IMAGE VIII: Portrait of Mary, the Mother of God (Ōura Cathedral)
1867 (Keiō 3) ~
The Fourth Urakami Crackdown (Nagasaki Magistrate Tokunaga Iwami no Kami Masayoshi raids secret churches in Urakami).
1868 (Meiji 1)
One hundred and fourteen leading Urakami Christians are banished to the three domains of Hagi, Tsuwano, and Fukuyama on the so-called journey (tabi).
1868 (Meiji 1) ~
The Gotō Crackdown gets underway on Hisaka Island with the rōya no sako incident.
1870 (Meiji 3)
A group of 3,394 Urakami Christians is exiled to 22 different locations in 20 domains.

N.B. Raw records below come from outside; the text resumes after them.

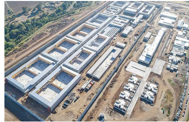
Fisco de Chile lanza duros cuestionamientos a millonaria demanda de Acciona | Diario Financiero
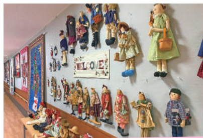
11月 富長寛子 パッチワーク作品展
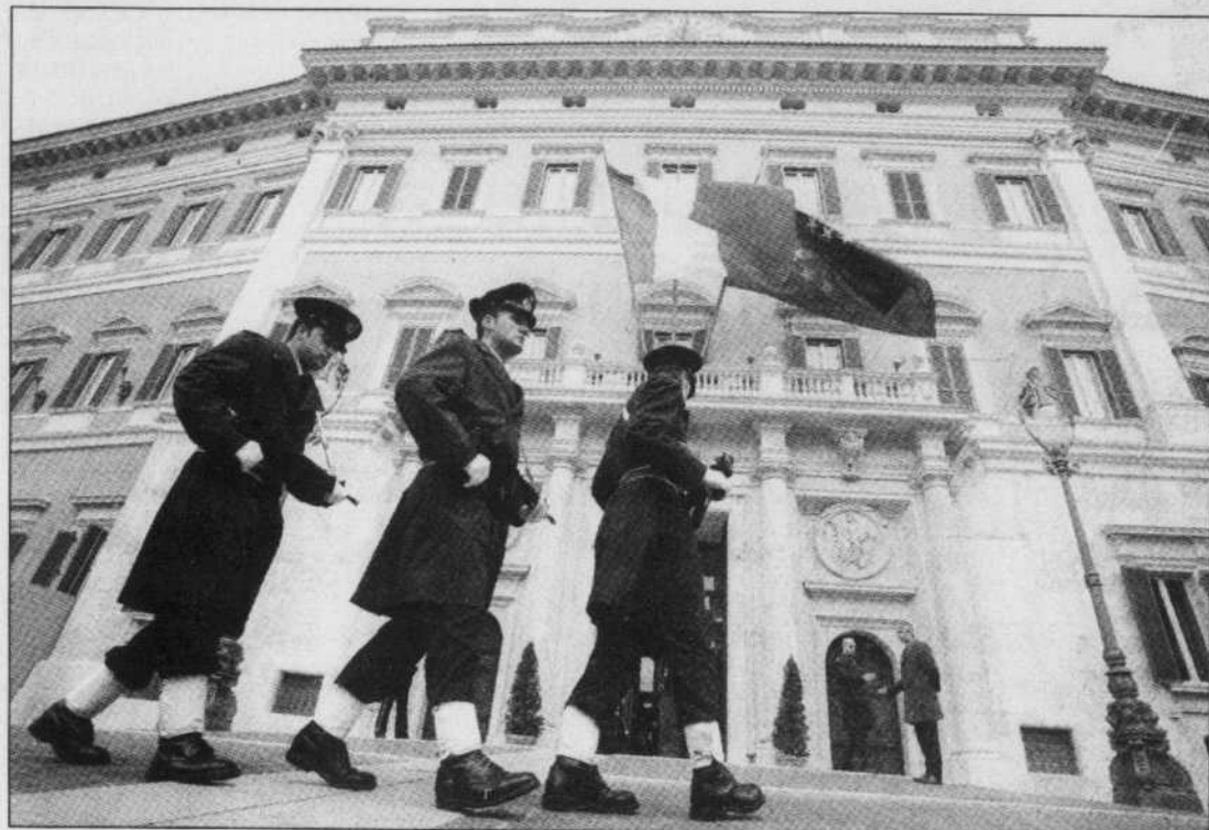
Membres de l'aviation italienne devant la Chambre des députés à Rome

Les neuf partis de la coalition se disputent quotidiennement depuis mai dernier sur des sujets allant de la prorogation de la présence militaire italienne en
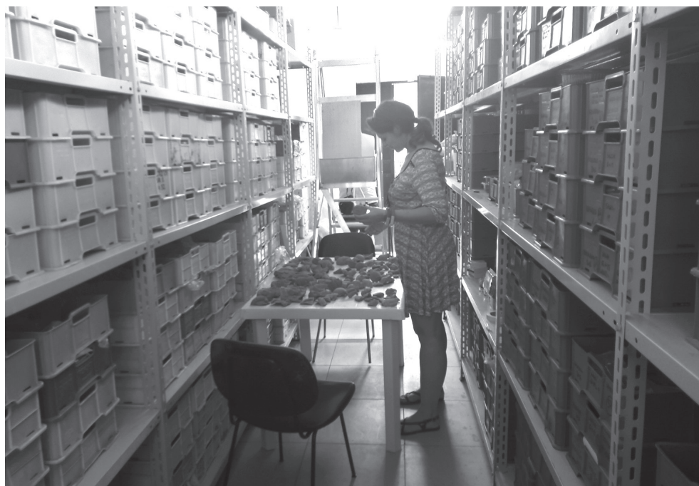
2.1. Medmai terrakották és restaurátoruk a rosarnói Museo Archeologico raktárában

Az alábbiakban négy tárgy példáján keresztül mutatom be a medmai terrakotta szobrocskák (új) restaurálása során felmerült problémákat és megoldásokat.
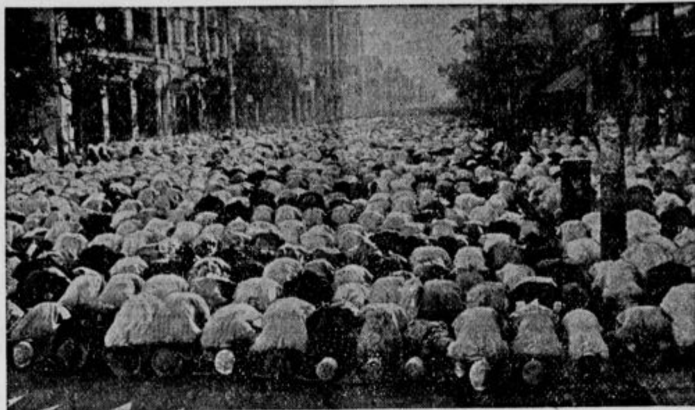
Muslimani — samj moški — pri molitvi.

Kako pa je Mohamed sicer gledal na ženske? Poročajo, da so ga nekoč vprašali, če bodo ženske tudi prišle v nebesa in če ženske smejo obiskovati mošeje. Mohamed je odgovoril: »V nebesa bodo mogoče prišle, kar pa se obiskovanja mošej tiče, je bolje, da ne zahajajo v mošeje, kadar moški opravljajo svoje molitve, ker s svojo navzočnostjo motijo moške med pobožnostjo in odvrtaajo njihove misli od Alaha na sebe.« Zaradi tega je po večini muslimanskih dežel ženskam vstop v mošeje prepovedan.
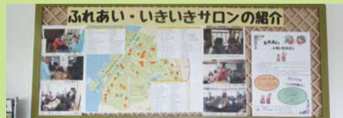
ふれあい・いきいきサロンの紹介

Ambassadors from the UK, US, France, and the German Confederation request that they be allowed back home.
1871 (Meiji 4)
The Iwakura mission sets out for the West and is pressed on the freedom-of-religion issue everywhere it goes.
1873 (Meiji 6)
Signboards proscribing Christianity are taken down.
With 613 of their number having died in exile, 2,911 Urakami Christians return home.
1889 (Meiji 22)
The Meiji Constitution (the Constitution of the Empire of Japan) permits freedom of religious belief.
1906 (Meiji 39)
Christian-related articles from the old storehouse of the Nagasaki magistrate’s office go on display in the Tokyo Imperial Household Museum.
1930 (Shōwa 5)
Conventual Franciscan friar Maximilian Maria Kolbe comes to Nagasaki.
1945 (Shōwa 20)
Urakami Cathedral is destroyed by the atomic bomb.
1953 (Shōwa 28)
Ōura Cathedral is re-designated a National Treasure.
1962 (Shōwa 37)
The Twenty-Six Martyrs Museum and Monument opens.
1977 (Shōwa 52)
Artifacts from the former Nagasaki magistrate’s office, many of them Christian-related, are designated important cultural properties.
1981 (Shōwa 56)
Pope John Paul II visits Nagasaki.
2008 (Heisei 20)
Japan’s first-ever beatification ceremony is held in Nagasaki. (It is for 188 people martyred in the Edo period: 187 laypersons and Petro Kasui Kibe, the first Japanese to visit Jerusalem.)
2018 (Heisei 30)
Hidden Christian Sites in the Nagasaki Region are registered as UNESCO World Heritage properties.